13.12.1997–01.02.1998

The exhibition of the Californian artist Allen Ruppersberg (b. 1944 in Cleveland, Ohio) is determined by four elements that, despite their formal difference, are connected in regard to content and thus form a unity.

First, there is the exhibition poster with the reproduction of the famous painting "Et in Arcadia ego" by Nicolas Poussin (1594-1665), a classical-heroic landscape painting that can be read as an allegory of transience.

The room in Portikus is characterised by a striking chequer-board patterned floor-covering forming the austere foil for black and white letters that combine to words. Date, salutation and signature define the text as a letter in which nine names of famous creative personalities and their biographical data are listed. They comprise artists (de Kooning, Lichtenstein, Huebler, Byars, Kippenberger), writers (Burroughs, Ginsberg), an architect (Rossi), and a movie actor (Mitchum), who all died in 1997.

A second reference is made to each of these persons in the exhibition. Details of their obituaries published in newspapers appear enlarged on a total of five sheets that, like the letter, have a special form. The letters are pencil-drawn and the texts arranged on the sides of the sheets, so that the drawings, hung above each other, create in their midst a blank space in the form of a white column.

The sense of unity between floor-covering and drawings is not only rendered by the last sentence of the letter: "What now?
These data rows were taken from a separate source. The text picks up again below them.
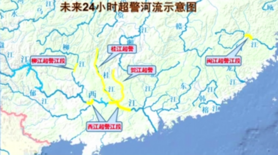 预计未来24小时,西江干流广西桂平江段及广西龙圩至广东德庆江段,广西桂江、贺江将维持超警,广西柳江、福建闽江可能超警,暴雨区内部分中小河流可能发生超警以上洪水。
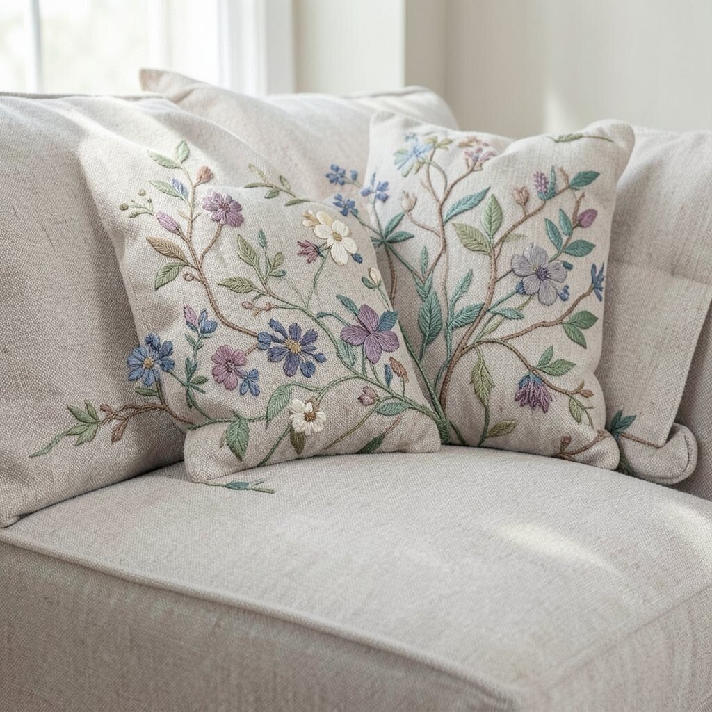 Embroidery adds an artistic, handcrafted touch to your couch.
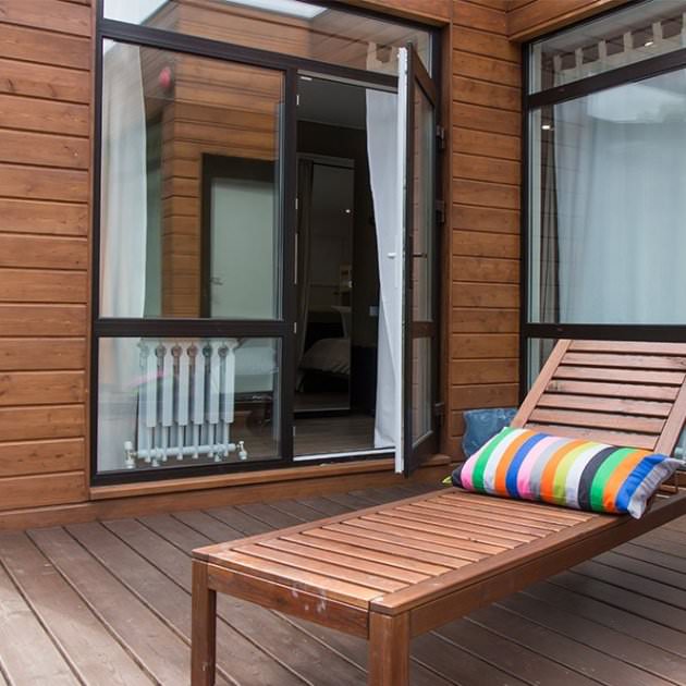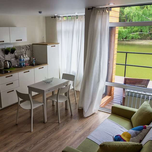 Стильные, современные, благоустроенные дома-студии на реке с панорамными окнами можно арендовать в санатории. Площадь дома — 45 кв. м, в каждом домике есть оборудованная кухня, спальня, двухъярусная кровать и раскладной диван. В домике с комфортом разместится семейная пара 2 взрослых и двое детей.
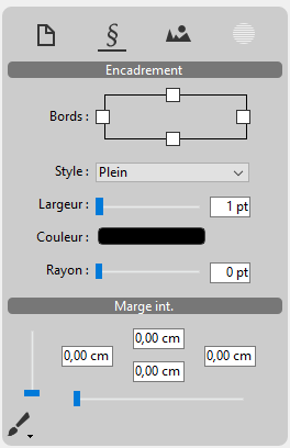 Les encadrements peuvent être définis pour la totalité du document ou pour les paragraphes, ou encore pour les images. Utilisez les icônes dans la partie supérieure du panneau pour désigner le type d'élément à paramétrer, i.e. pour le document,

I think I'll start a new series of drawings", but also by the corresponding utilisation of black and white, as well as positive and negative forms. Column and floor, the vertical and horizontal, symbolise, as does the reduction in colour, the antipodes of life and death.

However, Ruppersberg does not conjure up morbidity. Through the great deal of time needed to draw, he introduces the aspect of time, a measurable dimension that stands for finiteness and therefore for life. Ruppersberg's act of drawing is also a tribute to the named persons; in being chosen subjectively, however, they refer back to the artist himself. During the time invested in drawing, he could appropriate their spirit, as it were, so that they live on beyond death in his art.
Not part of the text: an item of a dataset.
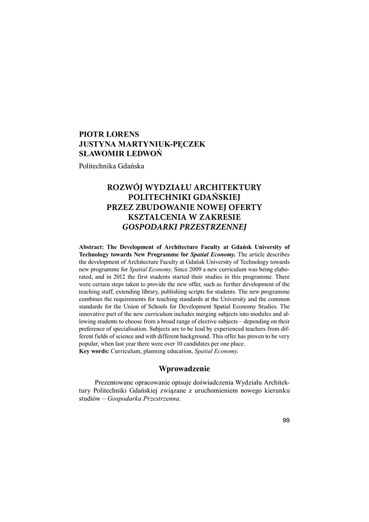 PIOTR LORENS JUSTYNA MARTYNIUK-PĘCZEK SŁAWOMIR LEDWOŃ Politechnika Gdańska ROZWÓJ WYDZIAŁU ARCHITEKTURY POLITECHNIKI GDAŃSKIEJ PRZEZ ZBUDOWANIE NOWEJ OFERTY KSZTALCENIA W ZAKRESIE GOSPODARKI PRZESTRZENNEJ Abstract: The Development of Architecture Faculty at Gdańsk University of Technology towards New Programme for Spatial Economy. The article describes the development of Architecture Faculty at Gdańsk University of Technology towards new programme for Spatial Economy. Since 2009 a new curriculum was being elaborated, and in 2012 the first students started their studies in this programme. There were certain steps taken to provide the new offer, such as further development of the teaching staff, extending library, publishing scripts for students. The new programme combines the requirements for teaching standards at the University and the common standards for the Union of Schools for Development Spatial Economy Studies. The innovative part of the new curriculum includes merging subjects into modules and allowing students to choose from a broad range of elective subjects – depending on their preference of specialisation. Subjects are to be lead by experienced teachers from different fields of science and with different background. This offer has proven to be very popular, when last year there were over 10 candidates per one place. Key words: Curriculum, planning education, Spatial Economy. Wprowadzenie Prezentowane opracowanie opisuje doświadczenia Wydziału Architektury Politechniki Gdańskiej związane z uruchomieniem nowego kierunku studiów – Gospodarka Przestrzenna. 99 Do przygotowania programu kierunku Gospodarka Przestrzenna bezpośrednio przyczynił się projekt „Rozwój Wydziału Architektury Politechniki Gdańskiej poprzez zbudowanie nowej oferty kształcenia w zakresie gospodarki przestrzennej”. Projekt ten jest realizowany w ramach Programu Operacyjnego Kapitał Ludzki (Priorytet IV, Działanie 4.1, Poddziałanie 4.1.1 „Wzmocnienie potencjału dydaktycznego uczelni”, Numer konkursu 2/ POKL/4.1.1/2008) od 01 stycznia 2009 do 31 grudnia 2014 r. Jest on współfinansowany przez Unię Europejską w ramach Europejskiego Funduszu Społecznego na podstawie umowy o dofinansowanie nr: UDA-POKL 04.01.0100-237/08-00 z 27.03.2009. Najważniejszymi osobami zaangażowanymi w zarządzenie projektem są Główny Koordynator dr hab. inż. arch. Piotr Lorens, prof. PG oraz Koordynator pomocniczy – dr inż. arch. Justyna Martyniuk-Pęczek. W skład zespołu administracyjnego wchodzą także Wojciech Nowik, Michał Ajdacki i Marzena Stosik. 1. Najważniejsze działania Głównym celem przedsięwzięcia jest rozwój Wydziału Architektury przez wielopłaszczyznowe kształcenie w szeroko rozumianym temacie planowania i gospodarki przestrzennej zarówno na poziomie inżynieryjnym, jak i magisterskim (I i II stopień). Odpowiedzią na potrzeby płynące z rynku jest również dodatkowo zaplanowany II stopień nowego kierunku prowadzony w całości w języku angielskim co jest przedsięwzięciem unikatowym na skalę Europy Środkowo-Wschodniej. Dodatkowo w ramach Projektu zostaną uruchomione nowe kierunki studiów podyplomowych. Studenci otrzymają ofertę praktyk i staży oraz możliwość skorzystania z zajęć wyrównawczych z matematyki. Odbiorcami rezultatów Projektu będą również nauczyciele akademiccy, którzy dzięki kursom, szkoleniom, konferencjom i stażom w najlepszych ośrodkach światowych podniosą jakość swojego warsztatu dydaktycznego i naukowego. Główne cele projektu to: 1. Opracowanie nowego kierunku studiów dziennych inżynierskich i magisterskich Gospodarka Przestrzenna. 2. Opracowanie i uruchomienie studiów podyplomowych „Rewitalizacja architektoniczno-urbanistyczna obszarów miejskich” oraz „Zarządzanie rozwojem przestrzennym miast”. 3. Przeszkolenie w ramach studiów podyplomowych 300 osób. 100 4. Zapewnienie studentom studiów dziennych 3-miesięcznych staży. 5. Podniesienie umiejętności dydaktycznych nauczycieli akademickich w tematyce nowo opracowywanych kierunków. Ponadto, projekt przyczyni się do: 1. Doposażenia biblioteki w fachową literaturę przez zakup ponad 500 pozycji książkowych. 2. Wydanie 6 skryptów na temat współczesnej urbanistyki, które będą dostępne za darmo dla uczestników studiów. Dotychczas wydano pod redakcją Lorensa i Martyniuk-Pęczek cztery skrypty: Wybrane zagadnienia rewitalizacji miast, Wybrane zagadnienia przestrzeni publicznych, Zarządzanie rozwojem przestrzennym miast oraz Planowanie i realizacja przedsięwzięć urbanistycznych. Zgodnie z założeniami projektu, jego beneficjentami mają być: 1. W zakresie przygotowywanego nowego kierunku studiów I stopnia odbiorcami ostatecznymi będą absolwenci szkół ponadgimnazjalnych oraz studenci, którzy ukończyli lub studiują inny kierunek studiów. 2. Odbiorcami studiów magisterskich (II stopnia) w języku angielskim będą głównie absolwenci studiów geograficznych, ekonomicznych, architektonicznych i innych inżynierskich I stopnia. 3. Beneficjentami studiów podyplomowych będą przede wszystkim absolwenci studiów architektonicznych zainteresowanych wykonywaniem zawodu urbanisty (samorządowcy, przedstawiciele sektora prywatnego itp.). 4. W zakresie 3-miesięcznych staży odbiorcami będą studenci studiów dziennych. 5. Kadra dydaktyczna Wydziału Architektury weźmie udział w realizacji kursów, szkoleń oraz wyjazdów studialnych. W efekcie powyższych działań, w roku akademickim 2012/2013 na Wydziale Architektury Politechniki Gdańskiej został otwarty kierunek studiów Gospodarka Przestrzenna. 2. Opis programu studiów na kierunku Gospodarka Przestrzenna 2.1. Podstawy – założenia Szczegółowy program studiów był przygotowywany przez zespół od 2010 r., a następnie przeprojektowany w ok. sześć miesięcy w latach 2011 i 2012. Pierwotna wersja programu bazowała na standardach kształcenia, wy101 nikających z Rozp

The last element is the series of "Poster Objects" from 1988, but here placed in a new context. The 26 "Poster Objects" are printed in conspicuous colours on surfaces made of natural materials such as glass and steel. Their messages "What should I do?", "Why do we fail?" or "Where should I go?" directly address the viewer. The fundamental significance of these questions refer to life, as does the naturalness of their materiality. By both standing on the floor and leaning on the wall they link the horizontal and the vertical.

With the theme of this exhibition, Ruppersberg takes up his earlier works both in regard to form and content. Time and again, the artist - working since the late 60s - falls back on the topics of time, life, and death. His preferred media include words and texts.